On the other hand, hydrogen atoms, aryl groups with up to 14 carbon atoms, heteroaryl groups with up to 14 carbon atoms, branched alkyl groups with up to 10 carbon atoms, alkenyl groups with up to 10 carbon atoms, and up to 10 carbon atoms. The electrochromic element according to any one of claims 1 to 6, which is any of the cycloalkyl groups of the above. In the general formula 1, X ⁻ is selected from (FSO ₂ ) ₂ N ⁻ , (CF ₃ SO ₂ ) ₂ N ⁻ , (CN) ₄ B ⁻ , BF ₄ ⁻ , PF ₆ ⁻ , and ClO ₄ ^−. The electrochromic device according to any one of claims 1 to 7, which is a species or a plurality of species. The electrochromic according to any one of claims 1 to 8, ^{wherein X −} in the general formula 1 is one or more selected from (FSO ₂ ) ₂ N ⁻ and (CF ₃ SO ₂ ) ₂ N ^−. element. The electrochromic device according to any one of claims 1 to 9, ^{wherein X −} in the general formula 1 is (CF ₃ SO ₂ ) ₂ N ^−. The electrochromic device according to any one of claims 1 to 10, ^{wherein W 2+} in the general formula 1 is represented by the following structural formula 1.
[Structural formula 1]
The electrochromic device according to any one of claims 1 to 11, wherein k is 0 in the general formula 1. The electrochromic device according to any one of claims 1 to 12, wherein R ₃ is represented by the following general formula 3 and R _{4 is represented by the following general formula 4 in the general formula 1.}
[General formula 3]
[General formula 4]
However, in the general formula 3, m represents an integer of 0 or 1 to 10, n represents an integer of 0 or 1 to 10 in the general formula 4, and m and n may have the same value but are different from each other. You may. A second electrochromic layer is further provided on the second electrode.
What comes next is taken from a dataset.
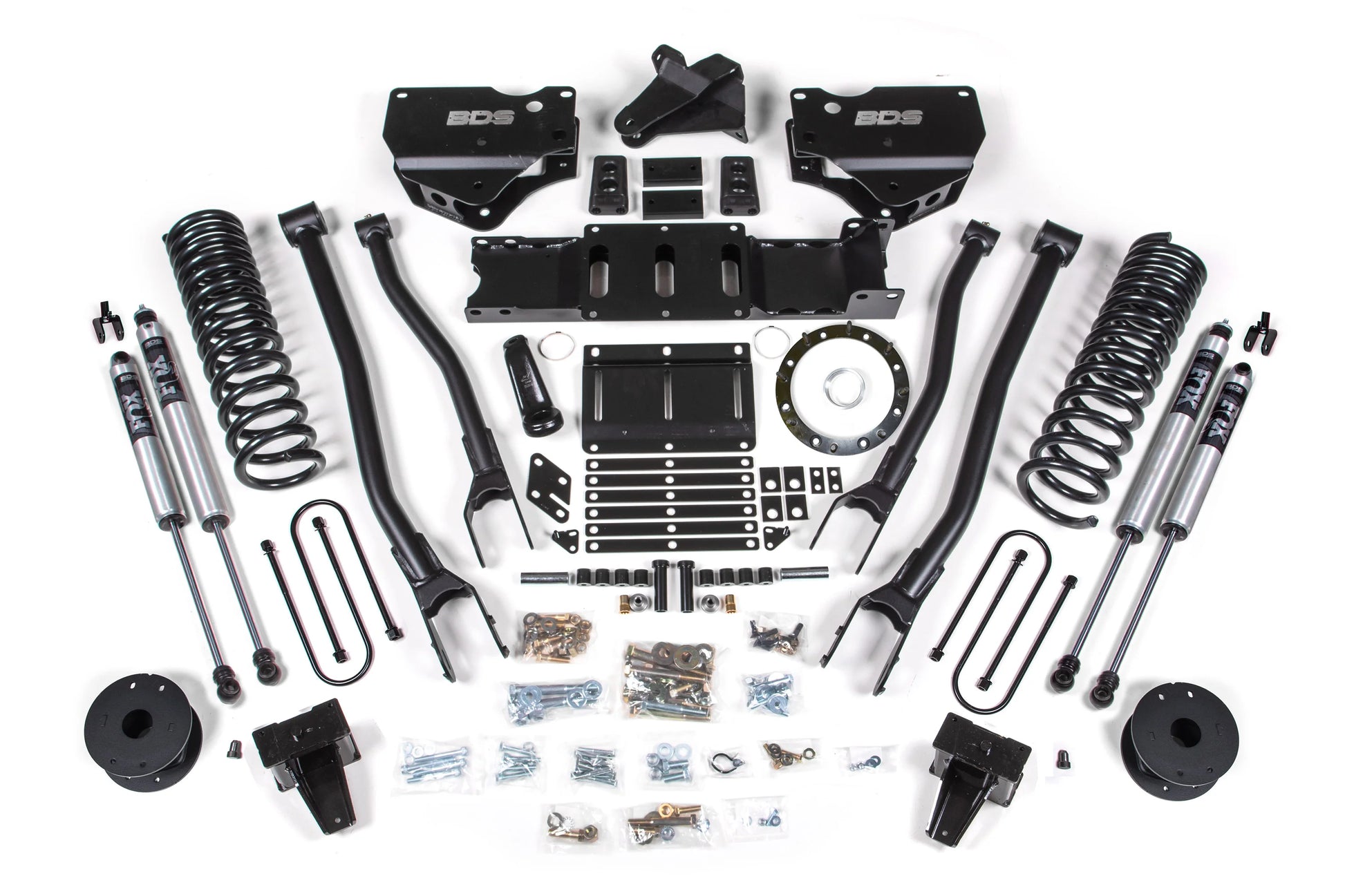 Up the ante of your RAM 3500 diesel truck equipped with factory rear air ride to the next level with this 6-inch 4-Link lift kit from BDS. Designed to improve stance, performance, and capability, this kit includes everything necessary to set your truck up right with clearance for up to 37" tires.

The electrochromic device according to any one of claims 1 to 13, which has the electrolyte layer between the first electrochromic layer and the second electrochromic layer. The electrochromic element according to claim 14, wherein the second electrochromic layer contains a polymer obtained by polymerizing a polymerizable material containing a radically polymerizable compound having a triarylamine skeleton. The electrochromic device according to claim 15, wherein the polymerizable material further contains a radically polymerizable compound having a tetraarylbenzidine skeleton.